From: "Michael Kerrisk (man-pages)" <mtk.manpages-Re5JQEeQqe8AvxtiuMwx3w@public.gmane.org>
To: Vince Weaver <vincent.weaver-e7X0jjDqjFGHXe+LvDLADg@public.gmane.org>
Cc: mtk.manpages-Re5JQEeQqe8AvxtiuMwx3w@public.gmane.org,
linux-man-u79uwXL29TY76Z2rM5mHXA@public.gmane.org
Subject: Re: [PATCH 4/4] perf_event_open.2 Linux 3.12 rdpmc/mmap
Date: Fri, 08 Nov 2013 06:14:48 +1300 [thread overview]
Message-ID: <527BCA88.90107@gmail.com> (raw)
In-Reply-To: <alpine.DEB.2.10.1311061332040.26649-6xBS8L8d439fDsnSvq7Uq4Se7xf15W0s1dQoKJhdanU@public.gmane.org>
On 11/07/13 07:34, Vince Weaver wrote:
>
> It turns out that the perf_event mmap page rdpmc/time setting was
> broken, dating back to the introduction of the feature. Due
> to a mistake with a bitfield, two different values mapped to
> the same feature bit.
>
> A new somewhat backwards compatible interface was introduced
> in Linux 3.12. A much longer report on the issue can be found
> here:
> https://lwn.net/Articles/567894/
>
> Signed-off-by: Vince Weaver <vincent.weaver-e7X0jjDqjFGHXe+LvDLADg@public.gmane.org>
Thanks, Vince. Applied.
Cheers,
Michael
> diff --git a/man2/perf_event_open.2 b/man2/perf_event_open.2
> index 4ff9690..a443b6e 100644
> --- a/man2/perf_event_open.2
> +++ b/man2/perf_event_open.2
> @@ -1142,8 +1196,13 @@ struct perf_event_mmap_page {
> __u64 time_running; /* time event on CPU */
> union {
> __u64 capabilities;
> - __u64 cap_usr_time : 1,
> - cap_usr_rdpmc : 1,
> + struct {
> + __u64 cap_usr_time / cap_usr_rdpmc / cap_bit0 : 1,
> + cap_bit0_is_deprecated : 1,
> + cap_user_rdpmc : 1,
> + cap_user_time : 1,
> + cap_user_time_zero : 1,
> + };
> };
> __u16 pmc_width;
> __u16 time_shift;
> @@ -1173,8 +1232,9 @@ A seqlock for synchronization.

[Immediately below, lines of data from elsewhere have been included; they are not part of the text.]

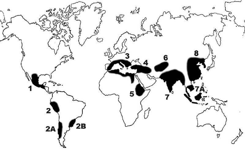 - Mexico-Guatemala, (2) Peru-Ecuador-Bolivia, (2A) Southern Chile, (2B) Paraguay-Southern Brazil, (3) Mediterranean, (4) Middle East, (5) Ethiopia, and (6) Central Asia.
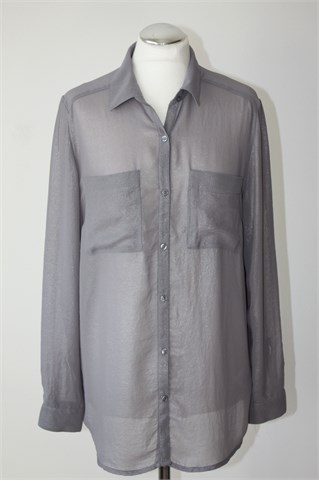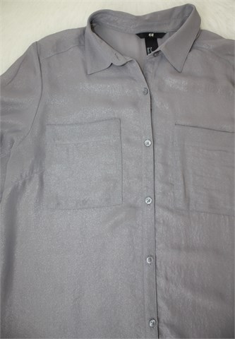 H&M košulja sa dugim rukavima, sive boje sa srebrnim sjajem. Prednje kopčanje, džepići na prsima. Tanja i lagana, providna. Blago rastezljiva.
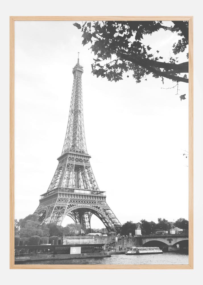 Ein Wahrzeichen-Poster des Eiffelturms in Paris. Der graue Turm hebt sich deutlich von einem weißen Himmel ab. Darunter ist das Treiben auf dem Fluss mit einem Boot und einer Brücke zu sehen. Ein Baumzweig verdeckt fast die Spitze des Turms in dieser einfachen, natürlichen Aufnahme dieses ikonischen Monuments.
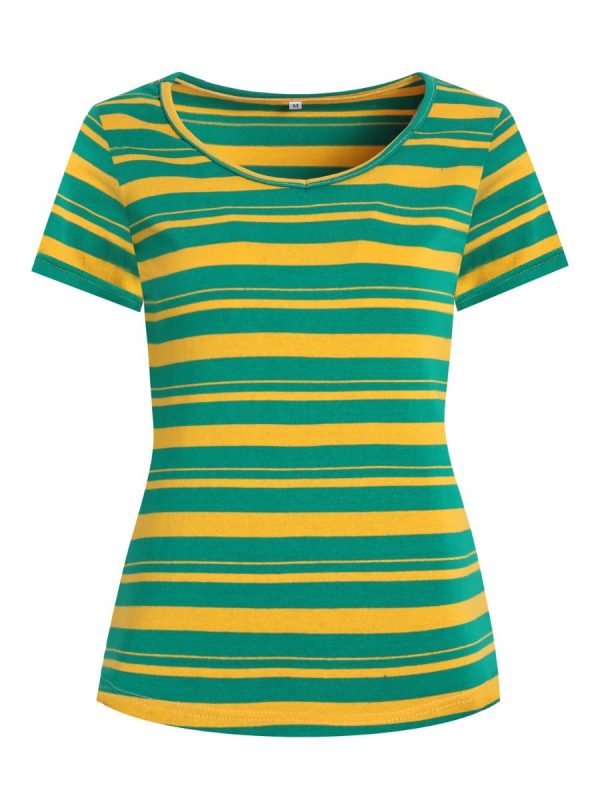 Women’s Vintage T Shirt Striped Short Sleeve O Neck Top

> A unique hardware counter identifier.
> .TP
> .I offset
> -.\" FIXME clarify
> -Add this to hardware counter value??
> +When using rdpmc for reads this offset value
> +must be added to the one returned by rdpmc to get
> +the current total event count.
> .TP
> .I time_enabled
> Time the event was active.
> @@ -1182,10 +1242,45 @@ Time the event was active.
> .I time_running
> Time the event was running.
> .TP
> +.IR cap_usr_time " / " cap_usr_rdpmc " / " cap_bit0 " (Since Linux 3.4)"
> +There was a bug in the definition of
> .I cap_usr_time
> -User time capability.
> +and
> +.I cap_usr_rdpmc
> +from Linux 3.4 until Linux 3.11.
> +Both bits were defined to point to the same location, so it was
> +impossible to know if
> +.I cap_usr_time
> +or
> +.I cap_usr_rdpmc
> +were actually set.
> +
> +Starting with 3.12 these are renamed to
> +.I cap_bit0
> +and you should use the new
> +.I cap_user_time
> +and
> +.I cap_user_rdpmc
> +fields instead.
> +
> .TP
> +.IR cap_bit0_is_deprecated " (Since Linux 3.12)"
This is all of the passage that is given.